Restate, word for word, each record that follows.

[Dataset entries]
========================

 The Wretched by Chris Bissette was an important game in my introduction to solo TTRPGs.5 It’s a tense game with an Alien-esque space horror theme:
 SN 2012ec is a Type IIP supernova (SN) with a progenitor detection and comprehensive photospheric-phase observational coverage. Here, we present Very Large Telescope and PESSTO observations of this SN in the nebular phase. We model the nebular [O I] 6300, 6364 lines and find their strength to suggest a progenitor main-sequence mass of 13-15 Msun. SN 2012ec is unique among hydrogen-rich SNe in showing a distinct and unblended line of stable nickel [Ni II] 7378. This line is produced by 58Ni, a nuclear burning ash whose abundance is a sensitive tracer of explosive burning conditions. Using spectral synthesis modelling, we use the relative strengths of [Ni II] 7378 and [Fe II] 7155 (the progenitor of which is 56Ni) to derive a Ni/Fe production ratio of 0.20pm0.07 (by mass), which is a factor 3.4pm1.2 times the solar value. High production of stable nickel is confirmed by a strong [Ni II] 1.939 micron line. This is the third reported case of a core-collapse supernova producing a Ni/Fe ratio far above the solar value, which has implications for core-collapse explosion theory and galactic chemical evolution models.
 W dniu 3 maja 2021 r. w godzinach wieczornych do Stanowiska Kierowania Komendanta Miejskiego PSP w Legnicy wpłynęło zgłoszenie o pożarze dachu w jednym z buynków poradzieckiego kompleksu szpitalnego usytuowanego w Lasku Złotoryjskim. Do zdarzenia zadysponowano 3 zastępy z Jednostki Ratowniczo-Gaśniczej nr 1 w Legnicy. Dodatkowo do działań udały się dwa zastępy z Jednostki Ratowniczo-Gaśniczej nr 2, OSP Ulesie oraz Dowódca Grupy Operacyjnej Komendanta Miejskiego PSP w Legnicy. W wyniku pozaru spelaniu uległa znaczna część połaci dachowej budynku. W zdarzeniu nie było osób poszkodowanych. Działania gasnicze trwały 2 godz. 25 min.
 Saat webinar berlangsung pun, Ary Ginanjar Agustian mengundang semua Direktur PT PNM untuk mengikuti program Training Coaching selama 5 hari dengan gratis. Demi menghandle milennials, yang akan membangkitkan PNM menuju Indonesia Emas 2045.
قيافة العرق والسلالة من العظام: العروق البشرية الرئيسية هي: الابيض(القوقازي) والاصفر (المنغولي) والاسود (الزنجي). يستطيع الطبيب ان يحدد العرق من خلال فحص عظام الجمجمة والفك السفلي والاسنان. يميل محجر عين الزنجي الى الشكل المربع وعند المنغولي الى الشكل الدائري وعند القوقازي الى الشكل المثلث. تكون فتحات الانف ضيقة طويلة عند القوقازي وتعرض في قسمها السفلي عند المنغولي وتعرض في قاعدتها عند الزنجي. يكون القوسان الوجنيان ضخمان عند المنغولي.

========================

■ Solution for this problem ■
 The Wretched by Chris Bissette was an important game in my introduction to solo TTRPGs.5 It’s a tense game with an Alien-esque space horror theme:
 SN 2012ec is a Type IIP supernova (SN) with a progenitor detection and comprehensive photospheric-phase observational coverage. Here, we present Very Large Telescope and PESSTO observations of this SN in the nebular phase. We model the nebular [O I] 6300, 6364 lines and find their strength to suggest a progenitor main-sequence mass of 13-15 Msun. SN 2012ec is unique among hydrogen-rich SNe in showing a distinct and unblended line of stable nickel [Ni II] 7378. This line is produced by 58Ni, a nuclear burning ash whose abundance is a sensitive tracer of explosive burning conditions. Using spectral synthesis modelling, we use the relative strengths of [Ni II] 7378 and [Fe II] 7155 (the progenitor of which is 56Ni) to derive a Ni/Fe production ratio of 0.20pm0.07 (by mass), which is a factor 3.4pm1.2 times the solar value. High production of stable nickel is confirmed by a strong [Ni II] 1.939 micron line. This is the third reported case of a core-collapse supernova producing a Ni/Fe ratio far above the solar value, which has implications for core-collapse explosion theory and galactic chemical evolution models.
 W dniu 3 maja 2021 r. w godzinach wieczornych do Stanowiska Kierowania Komendanta Miejskiego PSP w Legnicy wpłynęło zgłoszenie o pożarze dachu w jednym z buynków poradzieckiego kompleksu szpitalnego usytuowanego w Lasku Złotoryjskim. Do zdarzenia zadysponowano 3 zastępy z Jednostki Ratowniczo-Gaśniczej nr 1 w Legnicy. Dodatkowo do działań udały się dwa zastępy z Jednostki Ratowniczo-Gaśniczej nr 2, OSP Ulesie oraz Dowódca Grupy Operacyjnej Komendanta Miejskiego PSP w Legnicy. W wyniku pozaru spelaniu uległa znaczna część połaci dachowej budynku. W zdarzeniu nie było osób poszkodowanych. Działania gasnicze trwały 2 godz. 25 min.
 Saat webinar berlangsung pun, Ary Ginanjar Agustian mengundang semua Direktur PT PNM untuk mengikuti program Training Coaching selama 5 hari dengan gratis. Demi menghandle milennials, yang akan membangkitkan PNM menuju Indonesia Emas 2045.
قيافة العرق والسلالة من العظام: العروق البشرية الرئيسية هي: الابيض(القوقازي) والاصفر (المنغولي) والاسود (الزنجي). يستطيع الطبيب ان يحدد العرق من خلال فحص عظام الجمجمة والفك السفلي والاسنان. يميل محجر عين الزنجي الى الشكل المربع وعند المنغولي الى الشكل الدائري وعند القوقازي الى الشكل المثلث. تكون فتحات الانف ضيقة طويلة عند القوقازي وتعرض في قسمها السفلي عند المنغولي وتعرض في قاعدتها عند الزنجي. يكون القوسان الوجنيان ضخمان عند المنغولي.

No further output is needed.